With both studies, we examine experimental differences in two ways. First, we consider whether the effect of an argument is substantively and statistically different from the baseline in each approach. That is, we consider what conclusions we might draw about the effect of an argument if we only had the results of one research design and not both. Second, our overarching experimental assignment to the post-only or RMWS approaches allows us to evaluate the results from each design against one another. That is, we examine whether the differences in results across approaches are substantively and statistically different from one another. We recognize that substantive significance is vague and context dependent. When looking at the designs separately, we evaluate the estimated effect sizes keeping in mind whether politicians, political activists, and scholars of public opinion would care about an effect of the estimated magnitude. We also put those results into further context, evaluating whether researchers would draw the same substantive and statistical conclusions with either design. We emphasize the substantive evaluation because relying just on the statistical outcome of the difference in effect size to make a determination as to whether the differences between the two designs are important fails to recognize that a statistically insignificant difference is not the same as supporting the null hypothesis of no difference (Achen, Reference Achen1982).

4.2 Results

In study 1, we find evidence consistent with the opportunity to revise hypothesis, i.e., the RMWS approach provides sufficient inducement for people to change their mind that overall support for the policy shifts in a meaningful way. As expected, across each approach, the baseline measure of support for DC statehood is similar (38.8 percent in the post-only versus 39.1 percent in the RMWS, see Supplementary Figure A1).Footnote 6 Yet upon reading the argument provided in favor of DC statehood (DC residents pay federal taxes), support goes up 5.6 percentage points (p = 0.11) in the traditional experiment and 9.5 points (p < 0.01) in the RMWS design (Figure 1).Footnote 7

Figure 1. Effect of arguments on support for DC statehood by research design approach.

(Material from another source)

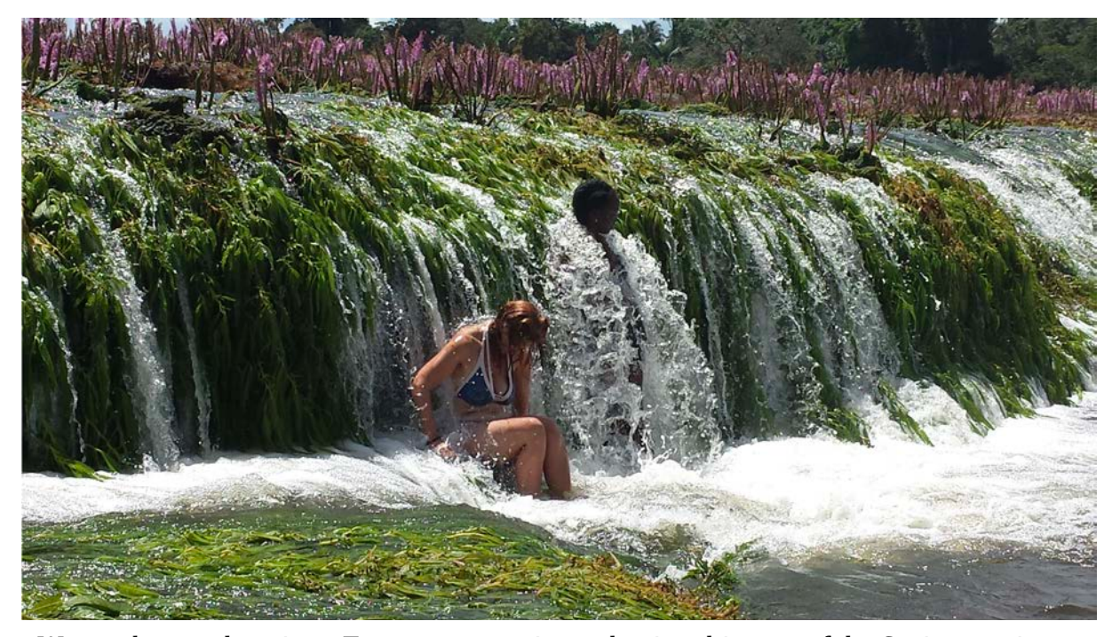
We can have a daytrip to Tapawata to swim and enjoy this part of the Suriname river

Note: Error bars represent 95 percent confidence intervals.

Similarly, the argument that DC sometimes elects corrupt officials dropped support for DC statehood by 2.2 percentage points (p = 0.53) in the traditional experiment, but was 4 times larger, at 9.2 points (p < 0.01) in the RMWS design.

If we only had access to one of these two experiments, we would reach very different conclusions about the arguments' effects (see Figure 1). Relying on the post-only design, we would conclude that both arguments are relatively ineffective. Although the argument that DC residents pay taxes is relatively large and nearly achieves conventional levels of statistical significance, it would not be sufficient to reject the null of no effect. If we only had the RMWS design, however, we would determine that both arguments are very effective and by similar, nearly 10-point margins.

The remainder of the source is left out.